The geodesic dome is a copy of a structure called a Fullerite or Bucky ball, a small geodesic shaped carbon molecule, which exists in nature.  Most organic compounds form complex geometric shapes in relation to the strongest chemical bonds, examples would be pentane and hexane molecules.  The geodesic dome also utilizes  pentagon (five triangles make a pentagon configuration) and hexagon configurations (six triangles make a hexagon configuration)  

The bases for the geodesic shape comes from early attempts to understand pi.  Triangles were truncated in circles and spheres.  Ratios were then developed in regards to the actual geometry used.  The Triangulation’s in the sphere can also be seen in certain structures utilizing a truss1Trusses are composed of triangles (simplest, strongest, most efficient building shape). Trusses make up most roof structures.  Trusses may also be seen at work in exotic structures such as suspension bridges, the Eiffel tower, radio towers, space stations, geodesic domes, and even oil rig platforms2.  

The geodesic dome is a series of interlocking arches that make the structure very strong by utilizing compressive strength3By using cement and steel reinforcement the dome can develop multidirectional load carrying capacity4.     Basing his planetarium design on the ratio of the thickness of an egg shell to its diameter,  Dr. Walter Bauersfeld built the world’s first lightweight thin shell concrete dome.  He also produced the first dome comprised of geometric shapes which are now referred to as a geodesic dome – dome made from triangle shapes. The Zeiss I planetarium in Jena is also considered the first geodesic dome derived from the icosahedron, more than 20 years before Buckminster Fuller reinvented and popularized this design.   Buckminster Fuller advanced the dome concept more than anyone and is known for giving the name “geodesic” to this type of polyhedral dome.

In 1976, Michael Busick, the founder of American Ingenuity, applied the polyhedral “geodesic” construction principal, in combination with the thin shell steel reinforced concrete technique and the use of expanded bead polystyrene (EPS) rigid foam insulation to advance the geodesic dome design even further.  For the first time a concrete dome could be built economically from a kit of prefabricated component panels.  Because the EPS is rigid, it is the center core of the panel where steel reinforced fiber concrete is applied to its exterior and 1/2″ Georgia Pacific DensArmor drywall is applied to its interior to make a “sandwich panel”. Because the EPS can be cut with a hot wire, a triangle shape can be formed that has a precise angle cut so adjacent triangles fit flush against each other.  The geodesic dome design also exceeds all conventional housing in strength, energy efficiency and durability.

The dome is often lectured about in classical architecture schools from around the world for its unique ability to take a compressive load.

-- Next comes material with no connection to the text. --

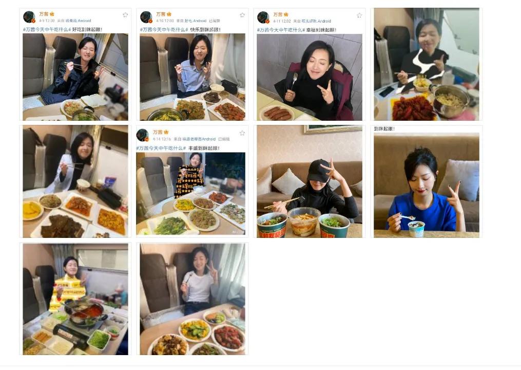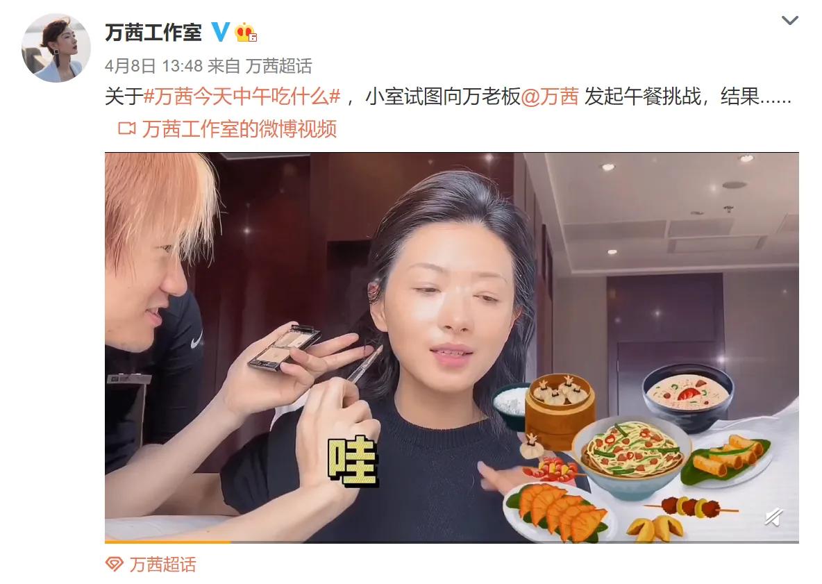 一开始大家以为这是万茜的随性一发,没想到竟然是一个眯眼干饭图系列!原来,这个系列活动是源于此前万茜工作室向万茜发起的一个午餐挑战,万老板可真是说到做到哈哈。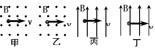 如图所示,匀强磁场的磁感应强度均为B,带电粒子的速率均为,带电荷量均为q,试求出图中带电粒子所受洛伦兹力的大小,并标出洛伦兹力的方向。

The triangles compress against each other resulting in a free span dome needing no interior load bearing posts to support the dome panels.

The sphere is a very unique structure and often inspires people with the simplicity of nature, most efficient shape and the complexity of the structure.   Domes have been around for thousands of years and they have survived earthquakes, hurricanes, nuclear blasts, and time.

The domes hold a unique place in the worlds architectural heritage.   As a country evolved in the world, one way to prove their status-quo was with architecture. The mastery of the mathematics necessary to build domes proved to visitors the countries technological advances.  Listed below are just a few domes people tend to recognize: The Taj Mahal (Agra), The Basilica of St Peter (Rome), The Capital Building Rotunda (DC), The Baptistery (Pisa), St. Sophia’s (Istanbul), Les Invalides (Paris), The Temple of Borobudur (Java), and The Pantheon (Rome)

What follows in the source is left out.